Supplied records below:
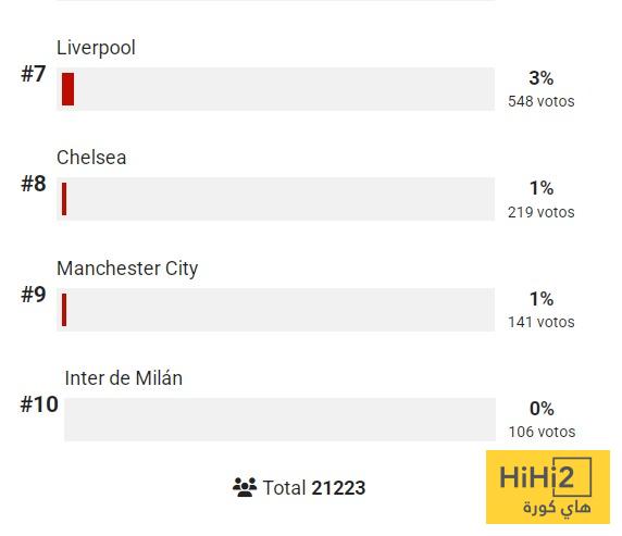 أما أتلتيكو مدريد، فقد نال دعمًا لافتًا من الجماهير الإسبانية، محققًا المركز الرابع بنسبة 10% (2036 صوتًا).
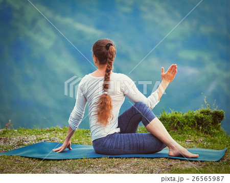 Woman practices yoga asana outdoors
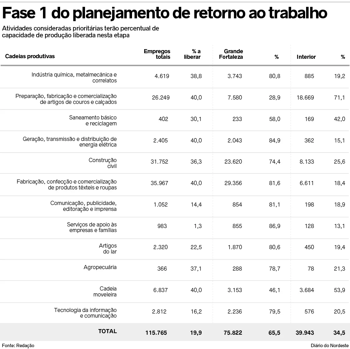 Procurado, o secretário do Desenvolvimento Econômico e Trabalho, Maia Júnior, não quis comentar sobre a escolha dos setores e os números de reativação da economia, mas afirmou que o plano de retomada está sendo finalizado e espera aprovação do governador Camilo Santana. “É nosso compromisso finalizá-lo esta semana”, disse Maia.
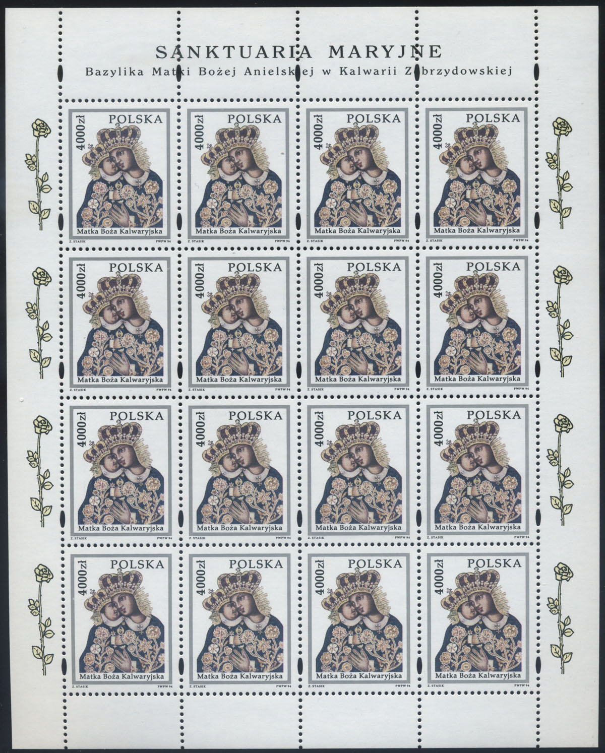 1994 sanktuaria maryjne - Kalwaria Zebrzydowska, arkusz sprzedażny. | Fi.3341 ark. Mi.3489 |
End of Supplied records.
Supplied records below:
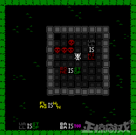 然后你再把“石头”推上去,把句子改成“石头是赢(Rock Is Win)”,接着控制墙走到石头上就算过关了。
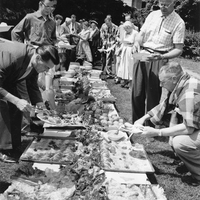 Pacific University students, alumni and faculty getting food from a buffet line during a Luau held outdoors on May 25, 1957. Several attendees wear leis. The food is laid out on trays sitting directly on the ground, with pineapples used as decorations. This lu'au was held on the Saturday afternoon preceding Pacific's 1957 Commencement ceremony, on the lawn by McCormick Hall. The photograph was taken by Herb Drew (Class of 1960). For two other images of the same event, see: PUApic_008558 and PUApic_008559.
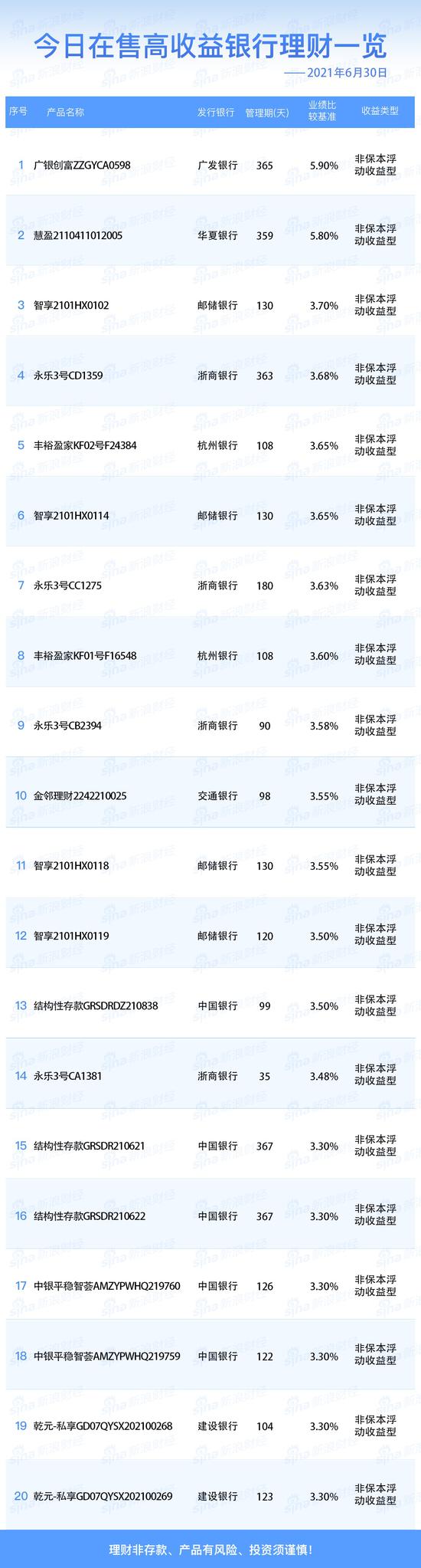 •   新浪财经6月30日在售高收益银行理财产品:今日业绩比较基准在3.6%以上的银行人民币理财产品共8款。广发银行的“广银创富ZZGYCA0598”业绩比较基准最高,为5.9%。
End of Supplied records.
# [Your goal]
Output exactly the lines above, from the line with "أما أتلتيكو مدريد،" to the line with "1994 sanktuaria maryjne", both included; skip the pictures.

# [Response area]
 أما أتلتيكو مدريد، فقد نال دعمًا لافتًا من الجماهير الإسبانية، محققًا المركز الرابع بنسبة 10% (2036 صوتًا).
 Woman practices yoga asana outdoors
 Procurado, o secretário do Desenvolvimento Econômico e Trabalho, Maia Júnior, não quis comentar sobre a escolha dos setores e os números de reativação da economia, mas afirmou que o plano de retomada está sendo finalizado e espera aprovação do governador Camilo Santana. “É nosso compromisso finalizá-lo esta semana”, disse Maia.
 1994 sanktuaria maryjne - Kalwaria Zebrzydowska, arkusz sprzedażny. | Fi.3341 ark. Mi.3489 |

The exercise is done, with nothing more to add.